Tag Archives: Envelopment Maneuver

A Human-Level Intelligence at Quatre Bras

Quatre Bras, June 16, 1815. Click to enlarge

Napoleon has humbugged me, by God!” Lord Wellington swore. “He has gained twenty-four hours’ march on me!” 1)David Chandler, Waterloo: The Hundred Days, Macmillan Publishing Co., Inc. New York 1980, p. 85 And, indeed, he had.

The Armée du Nord, racing north on the roadnet from Paris to Brussels, now occupied the crucial strategic ‘central position’ between the Anglo-Allied army under Wellington assembling at Quatre Bras in the west, and the Prussian army under Blücher at Ligny in the east.
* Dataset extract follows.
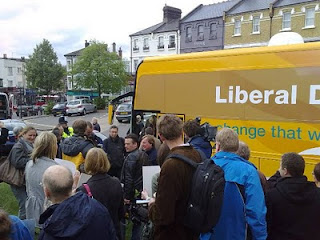 In Watford there was a large crowd, carefully managed but cheerful with a quiet, respectful media. At Blackheath there was a mass of people pushing and shoving to see Nick Clegg, excitement palpable in the air and angry Labour supporters desperately joshing to get on camera (of which there were a great amount). Foreign journalists jostled to get good positions and questioned people as to why they were voting Lib Dem. I heard a Spanish journalist whisper "We're seeing the end of bipartisan politics in Britain" to one of her colleagues. This made me smile.

Napoleon, outnumbered by the combined forces of Wellington and Blücher only had one realistic option: destroy his opponent’s armies separately before they could combine and destroy him.

Napoleon divided the Armée du Nord into two wings (the left commanded by Marshal Ney and the right by the Emperor, himself). The Imperial Guard would serve as the strategic reserve. In our previous blog, we showed the MATE (Machine Analysis of Tactical Environments) artificial intelligence analysis of the battle of Ligny.
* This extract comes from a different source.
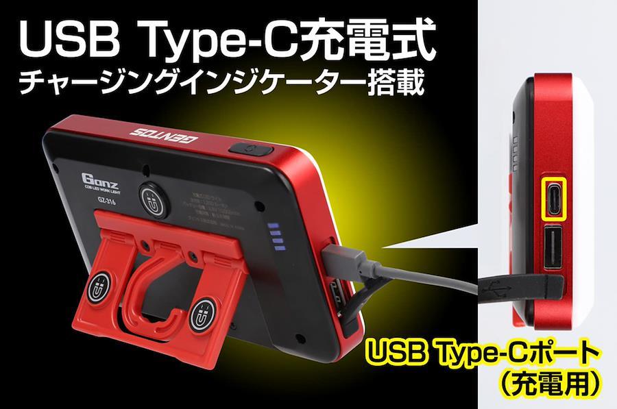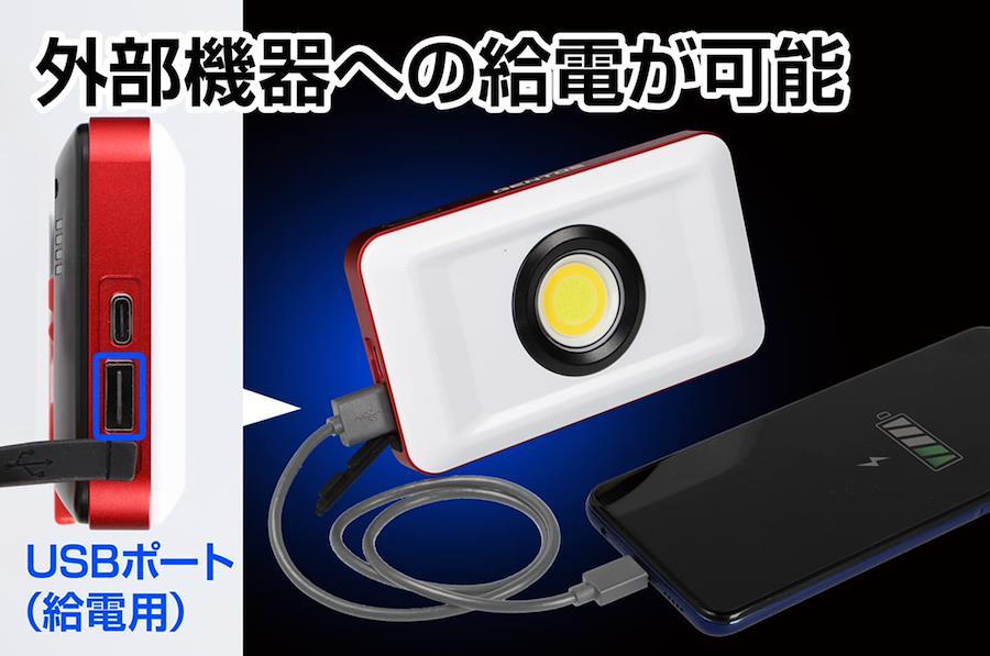 3色調色&各色3段階調光可能なコンパクト投光器USB充電式他のUSB機器へ給電可能 (5V/1A)

The starting positions of the Armée du Nord (Blue) and the Anglo-Allied Army (Red) at the battle of Quatre Bras. Screen shot from General Staff: Black Powder. Click to enlarge.

The positions in the above screen shot come from the West Point Atlas of the Napoleonic Wars and Chandler’s Waterloo: The Hundred Days. I’ve ordered Mike Robinson’s The Battle of Quatre Bras, 1815 (which is very highly regarded) but it’s coming from Europe and will be a while before it arrives. I’ll update the positions accordingly when it arrives.
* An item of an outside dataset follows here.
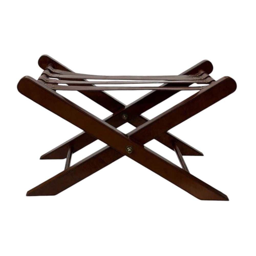 A Luggage table, tan-shaded with strong and firm legs, overall product hugged in pure leather. Made from premium quality buffalo leather, this rustic luggage rack is made using traditional techniques of hand stitching, hand painting and hand dyeing. The practical, understated piece makes packing a breeze - bring it out for a stable base for your luggage, and fold it away to store away when not in use.

Today MATE is going to show off a new trick that it learned.

MATE AI analysis of Blue’s position. General Staff screen shot. Click to enlarge.

Text output and author’s commentary of MATE’s analysis of Blue’s position at the battle of Quatre Bras.

The salient points of MATE’s analysis of Blue (Ney’s) position at the battle of Quatre Bras are:

  • Red (Wellington) has an open flank (in fact, both of Red’s flanks are exposed but MATE has calculated a left flanking maneuver is shorter than a right flanking maneuver)
  • Blue has a reserve cavalry division (Line #25 in the text output above, Battle Group #3, Pire’s 2nd Cavalry Division) that is in position to spearhead the left flanking maneuver ahead of
  • Battle Group #1 (the 6th Division commanded by Prince Jerome) which will follow as the main strike force of the left flanking maneuver (Line #23)
  • Battle Groups #0 and #2 (Reilles and Foy’s divisions) will be the fixing force attacking Gémioncourt in the classic envelopment maneuver (see below):
  • Battle Group #4 (Kellerman’s reserve cavalry division) will snatch the important crossroads at Thyle.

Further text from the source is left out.